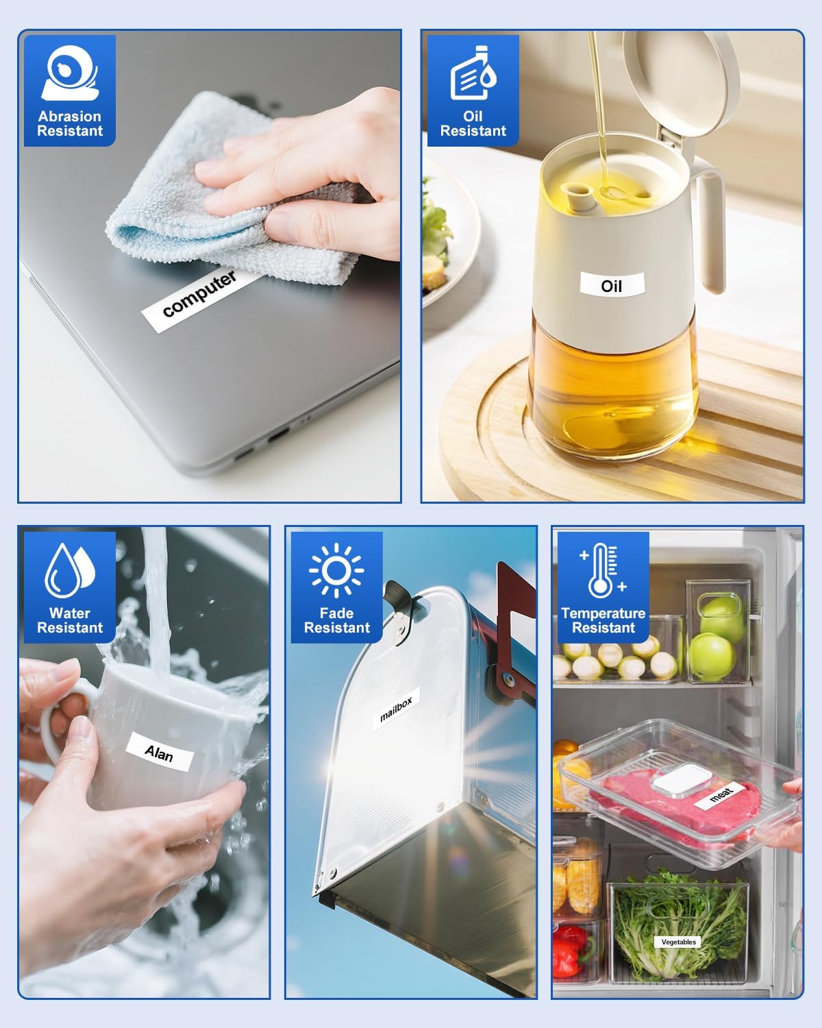 - Features: Our laminated 12mm 0.47" White label maker tape split design makes the label tape easy to peel and apply, with strong adhesion/waterproof/temperature/oil/abrasion/fading, and reliably sticking to various surfaces
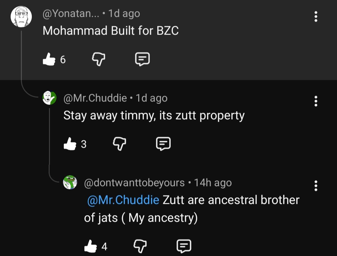 Reminds me of the kalu jaat meme, which is very funny considering the hadith define the men of Al Zutt as having brownish skin with BDL's.
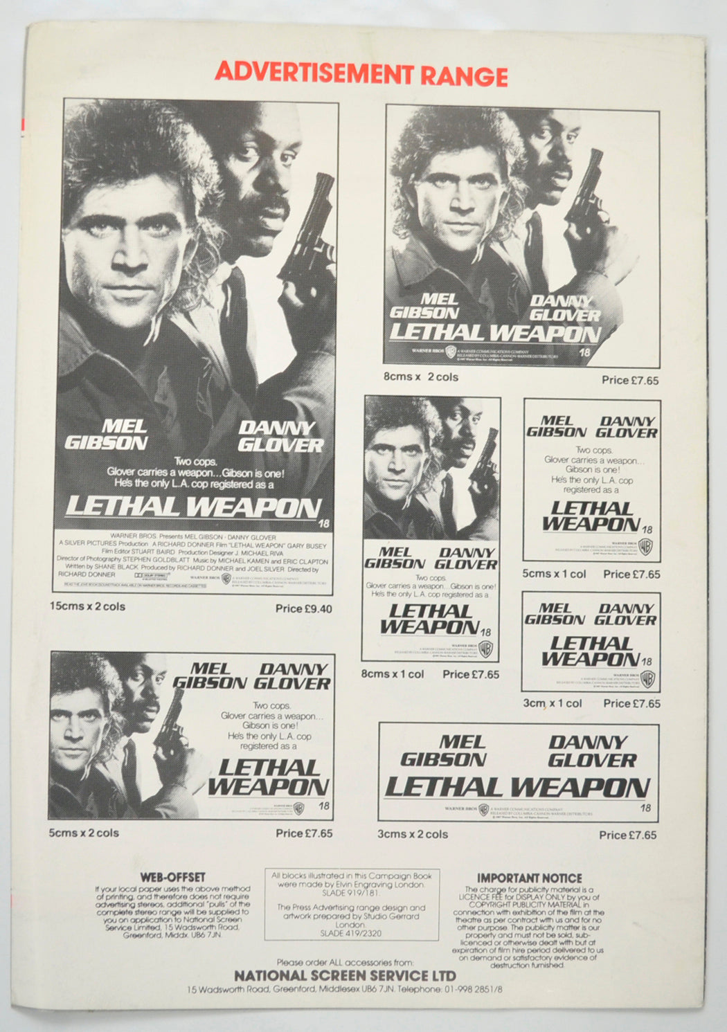 “Lethal Weapon” Original 4 Page Cinema Exhibitors Campaign Pressbook (UK)
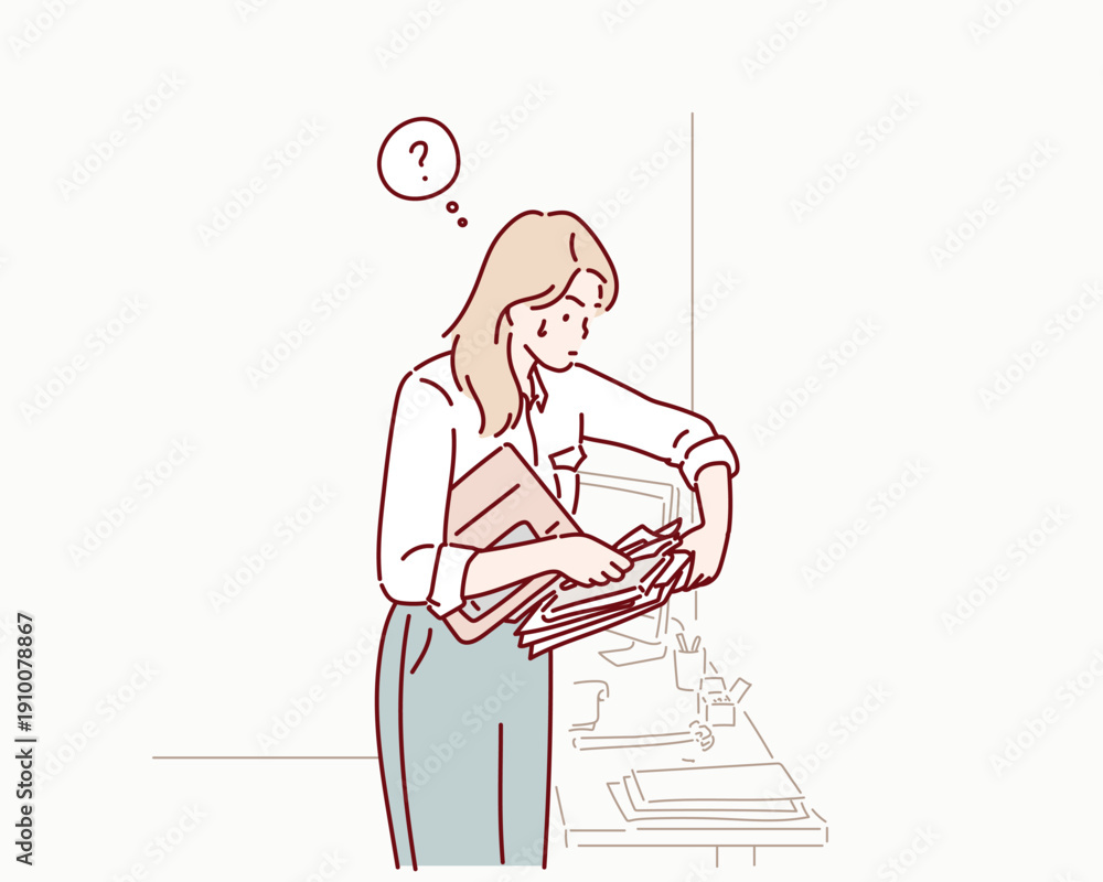 Stressed Businesswoman Frantically Searching for Documents in Pile of Paper. Original vector illustration drawn by hand. #1910078867

ASSIGNMENT: Apart from its pictures, the data is to be repeated exactly.

WRITTEN SOLUTION:
 - Features: Our laminated 12mm 0.47" White label maker tape split design makes the label tape easy to peel and apply, with strong adhesion/waterproof/temperature/oil/abrasion/fading, and reliably sticking to various surfaces
 Reminds me of the kalu jaat meme, which is very funny considering the hadith define the men of Al Zutt as having brownish skin with BDL's.
 “Lethal Weapon” Original 4 Page Cinema Exhibitors Campaign Pressbook (UK)
 Stressed Businesswoman Frantically Searching for Documents in Pile of Paper. Original vector illustration drawn by hand. #1910078867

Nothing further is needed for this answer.